白いレースカーテンがゆらゆらと揺れて、まだ肌寒さの入り混じる三月の風と戯れている。
開け放した窓の向こうにはサロン自慢の庭園が広がっていて、雪の溶けた花壇には水仙やチューリップ、パンジーといった春の花々が所狭しと植えられている。
「そっちの準備はどうー? あと一時間で柊木さんが来ちゃうんだけどさっ」
扉の向こうからひょっこりと顔を覗かせたオメガの美青年が、サンルームにいる面々へと声をかけてくる。
「もうすぐ終わる予定! 次はどこをやればいい?」
机を拭く圭人の後ろで、色とりどりのクッションをソファに並べ直していた九藤が元気よく返事をした。
顔馴染みのサロンスタッフの指示のもと数人で進めていたサンルーム内の掃除と飾り付けは、もうすぐ終わりそうだった。
「これから注文してた料理が届くはずだから、二人くらい一緒に運ぶのを手伝って欲しいかな」
「俺もう終わるから、行くよ」
「あ、ぼくも今終わったから手伝います!」
圭人とともに名乗り出たオメガは若い。
まだ高校生だという溌剌としたオメガの少年と連れ立って、 圭人はサンルームを出て長い回廊を歩いていく。

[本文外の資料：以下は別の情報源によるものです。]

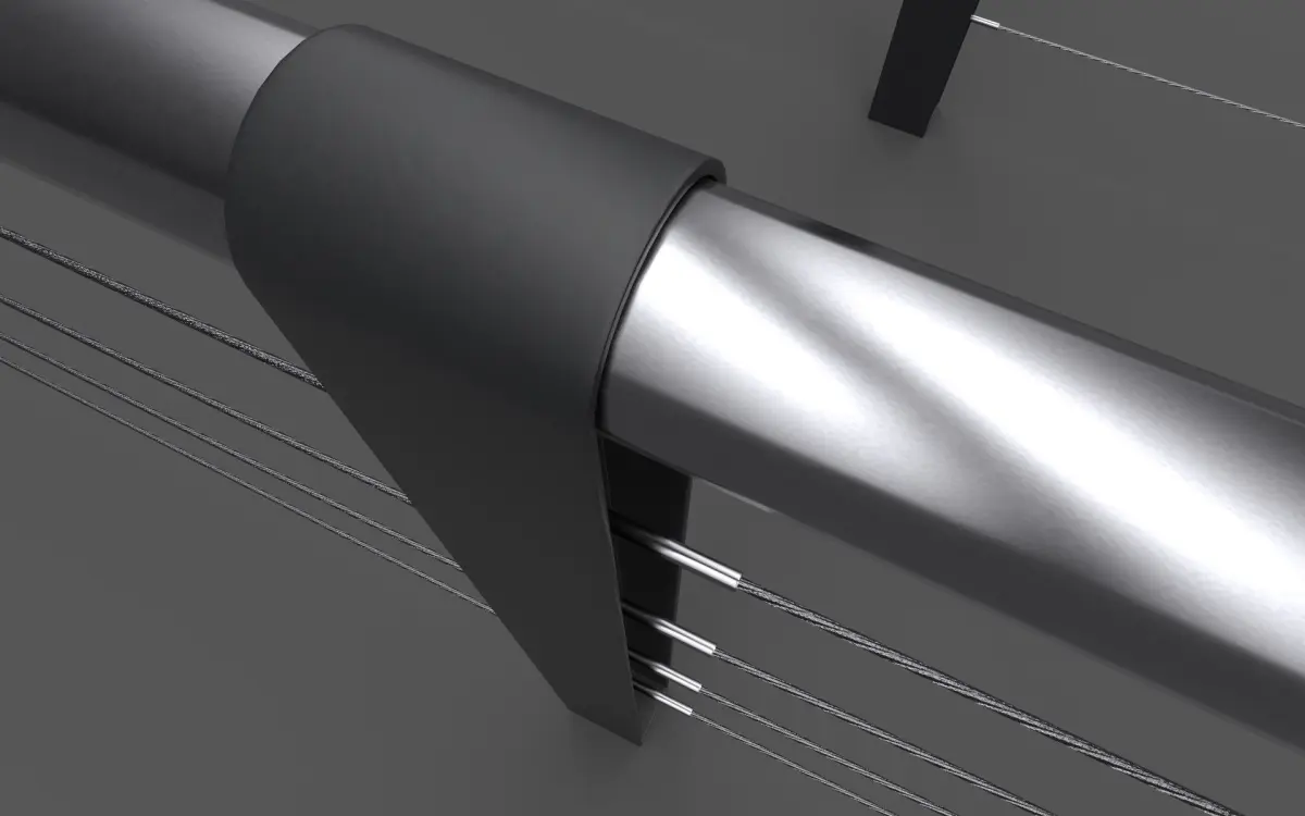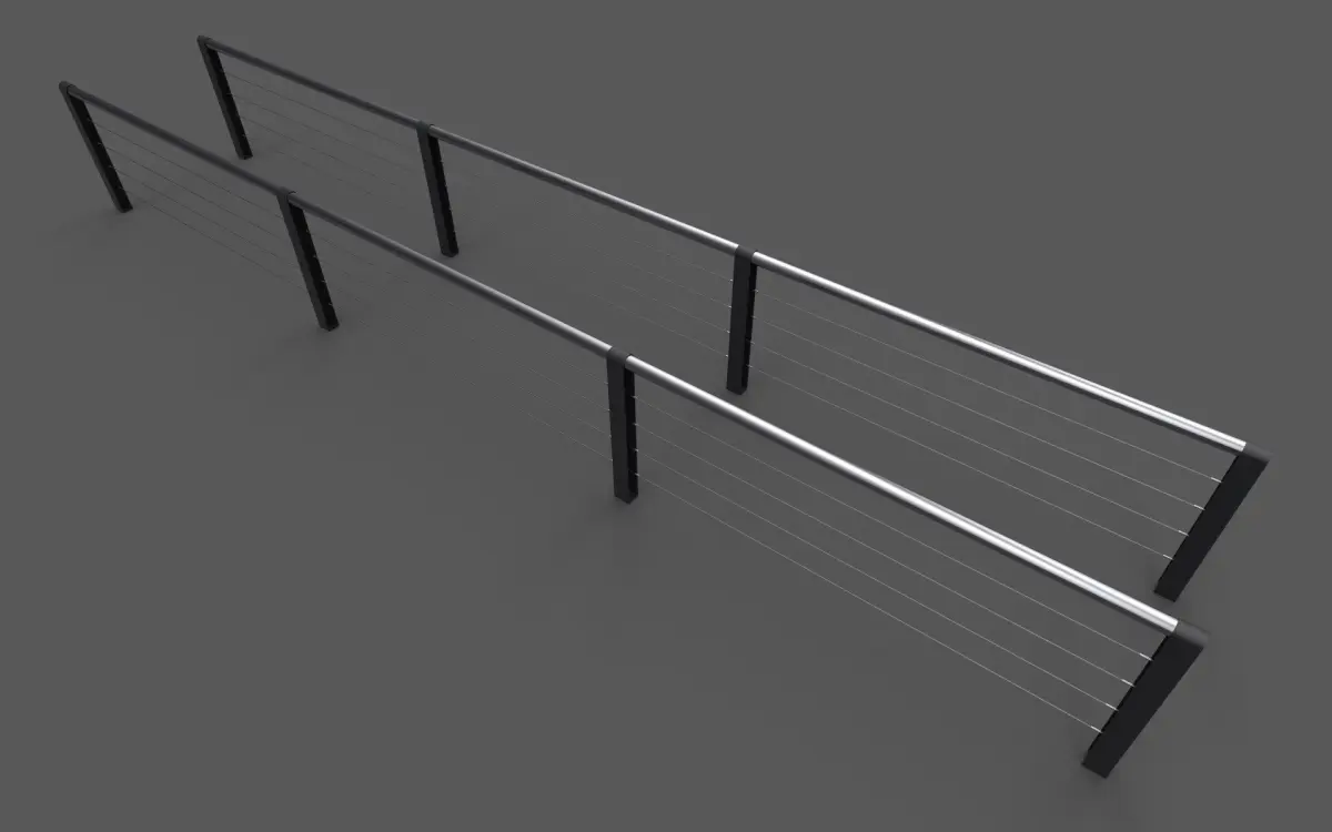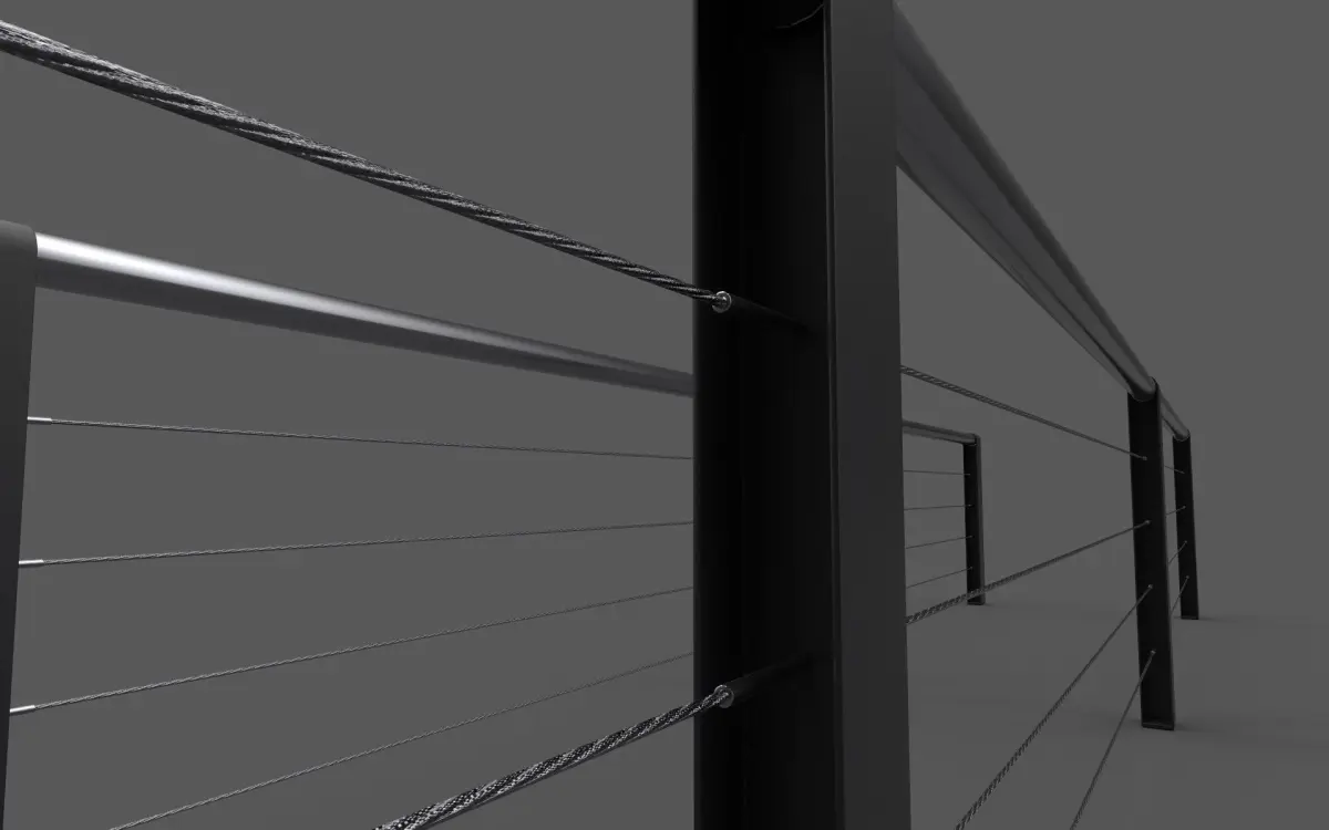 Compact city railing made of galvanized steel treated with powder coating, stainless steel and stainless steel cables. 2k PBR and UHDRP textures.

「サロンの奥にこんな素敵な場所があったなんて、ぼく知らなかったです」
「俺もだよ。こんなところまで廊下が続いていたんだね。準備もみんな気合が入ってるし、柊木さんも喜んでくれるといいよね」
頷きあって、エントランスへと向かう歩調を早めた。
今日はサロンが所持する敷地内にありながらも滅多に開放されないという特別な場所を貸し切って、特別なパーティが催されるのだ。
先月サロンで発生した例の事件は、国内のみならず海外でも大きく報道された。
センセーショナルな報道は世間の関心を集めた。事件の経緯や犯人たちの素性よりも、大勢のオメガ性の人間が一堂に会していたという点が問題視され、議論の的となった。
若いアルファの犯人も悪いがオメガ連中も悪い、リスク承知で集まっていたオメガの自業自得、いやオメガにも楽しむ場と権利はあるべきだ、社交場からオメガを弾き出している風潮にそもそも問題はないのか……等々、多種多様な立場や職種のコメンテーターが意見を交わし合うテレビ討論なども一時増えた。
パーティを主催していたオメガサロンは大きな批判を浴びることとなり、事件以降は閉鎖状態が続いている。
あの日あの会場でバレンタインパーティに参加していたオメガたちはひっそりと息を潜め、嵐が過ぎ去るのを静かに待っている者が多かった。
サロンが閉鎖してからは顔馴染みとなったオメガの知人たちにも会えずにいたが、九藤は時々連絡を取り合っていたらしい。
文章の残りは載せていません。